• [What to work on] Instruction for the listing below: copy exactly, and only, the lines from the one holding "Les gens scandent" through its last line, omitting any picture.

____________________

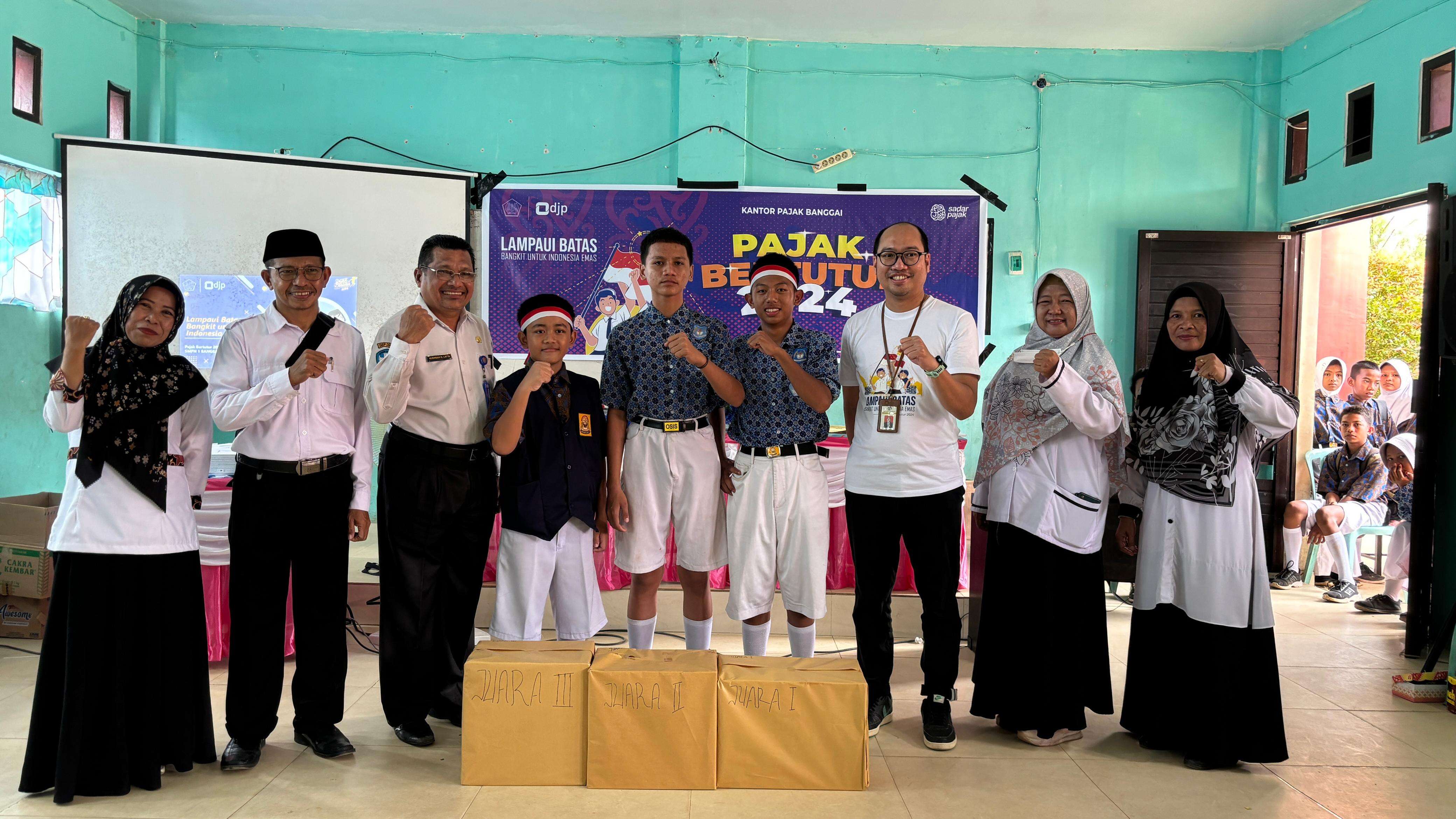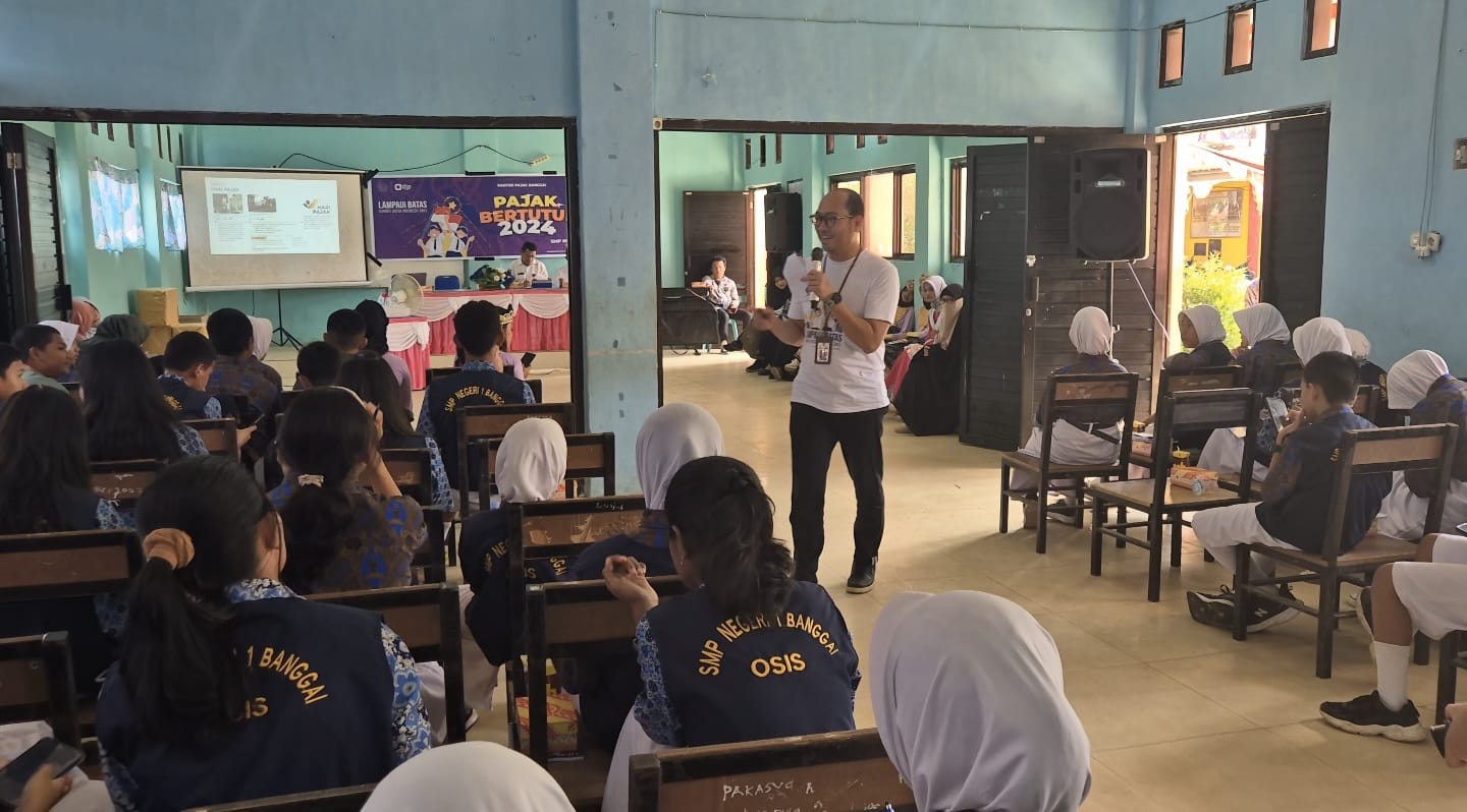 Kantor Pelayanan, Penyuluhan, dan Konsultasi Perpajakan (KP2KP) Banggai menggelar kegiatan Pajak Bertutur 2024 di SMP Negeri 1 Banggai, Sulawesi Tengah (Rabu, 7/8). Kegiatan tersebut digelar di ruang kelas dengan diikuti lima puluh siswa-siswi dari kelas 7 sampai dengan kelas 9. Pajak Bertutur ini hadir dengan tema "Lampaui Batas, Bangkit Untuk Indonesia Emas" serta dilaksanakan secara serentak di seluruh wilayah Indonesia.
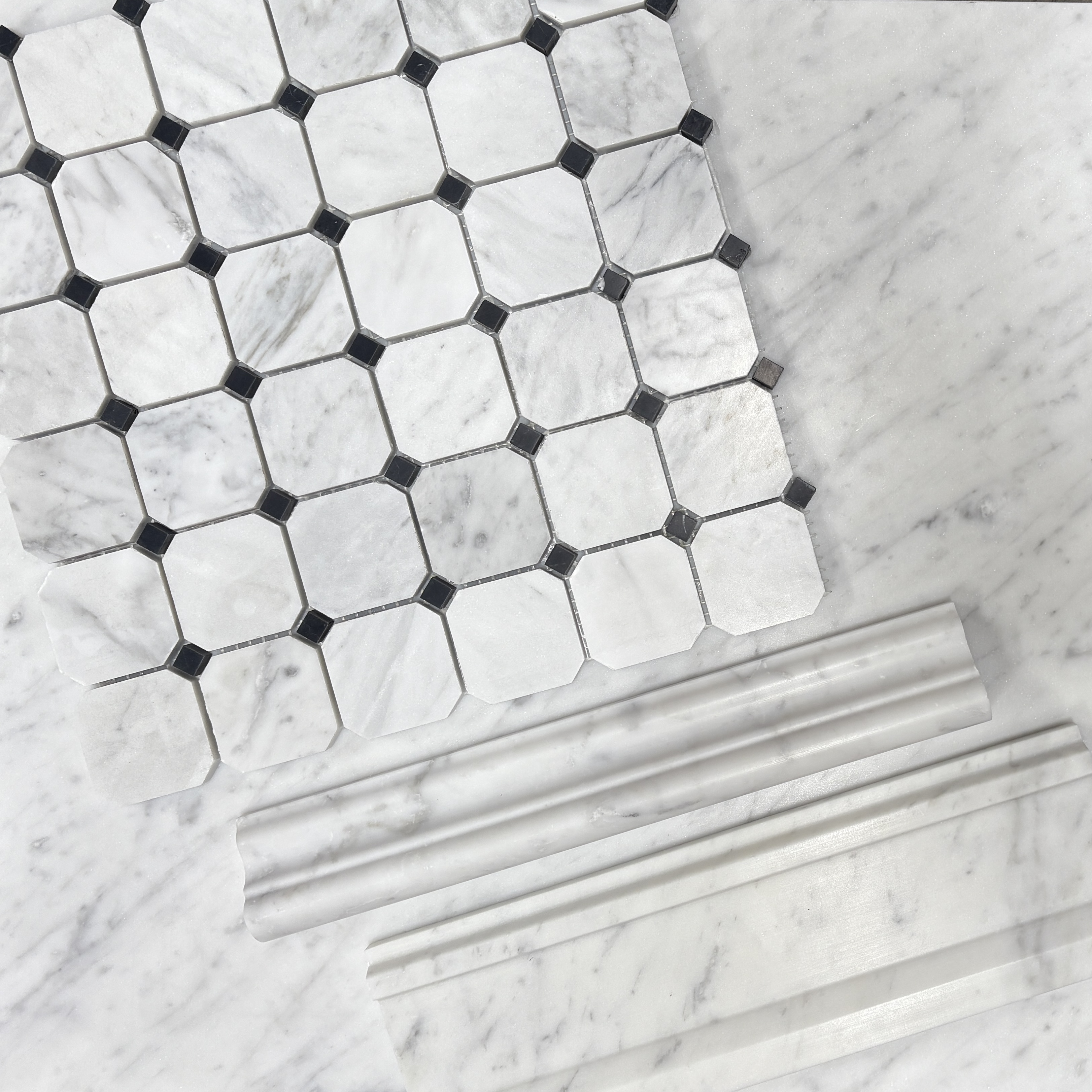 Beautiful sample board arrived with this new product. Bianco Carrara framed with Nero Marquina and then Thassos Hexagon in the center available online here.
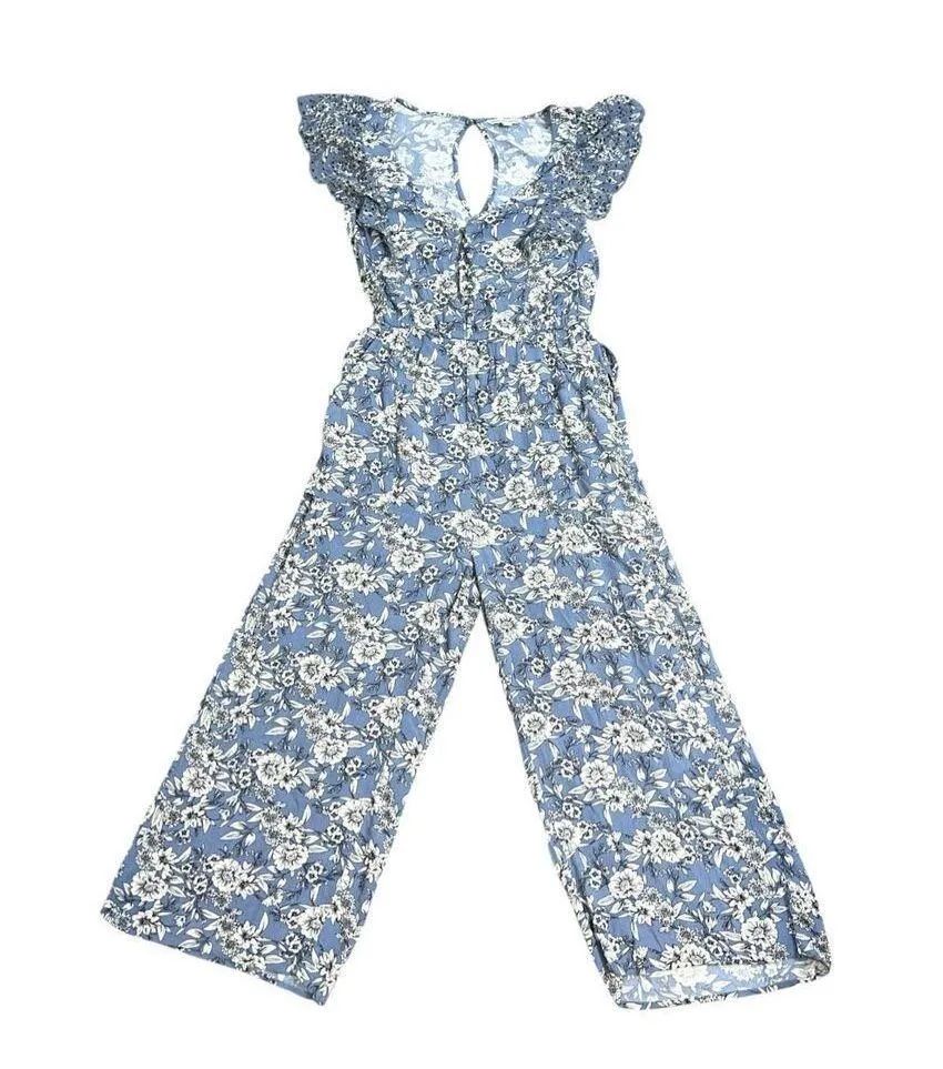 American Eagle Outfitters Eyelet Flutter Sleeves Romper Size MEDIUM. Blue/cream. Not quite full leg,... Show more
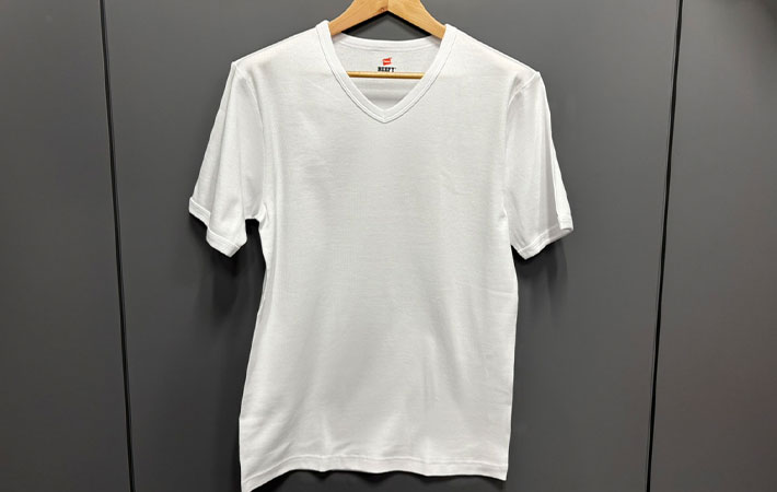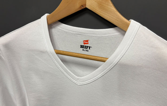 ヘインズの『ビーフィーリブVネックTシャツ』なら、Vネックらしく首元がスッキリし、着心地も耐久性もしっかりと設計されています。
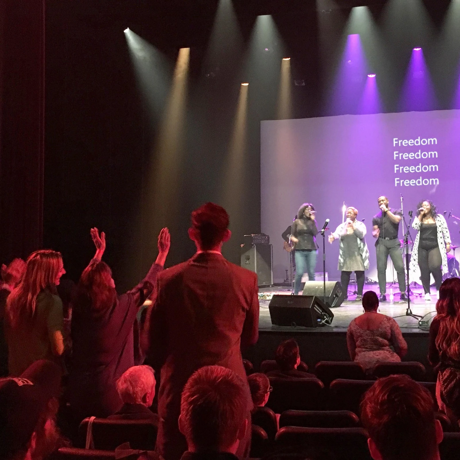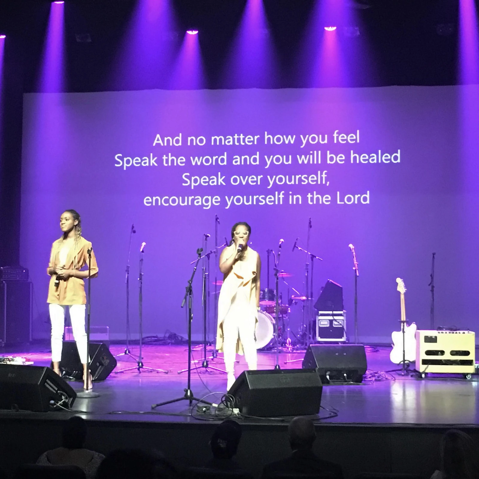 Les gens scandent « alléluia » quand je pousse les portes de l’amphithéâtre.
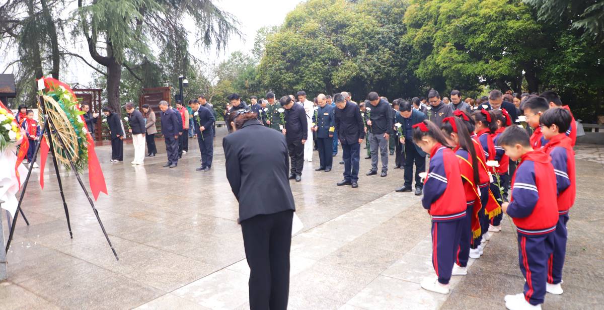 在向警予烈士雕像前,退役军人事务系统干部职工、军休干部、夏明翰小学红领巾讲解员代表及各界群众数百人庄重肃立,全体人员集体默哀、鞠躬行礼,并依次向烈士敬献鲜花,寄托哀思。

____________________

• [Reply to the task]
 Les gens scandent « alléluia » quand je pousse les portes de l’amphithéâtre.
 在向警予烈士雕像前,退役军人事务系统干部职工、军休干部、夏明翰小学红领巾讲解员代表及各界群众数百人庄重肃立,全体人员集体默哀、鞠躬行礼,并依次向烈士敬献鲜花,寄托哀思。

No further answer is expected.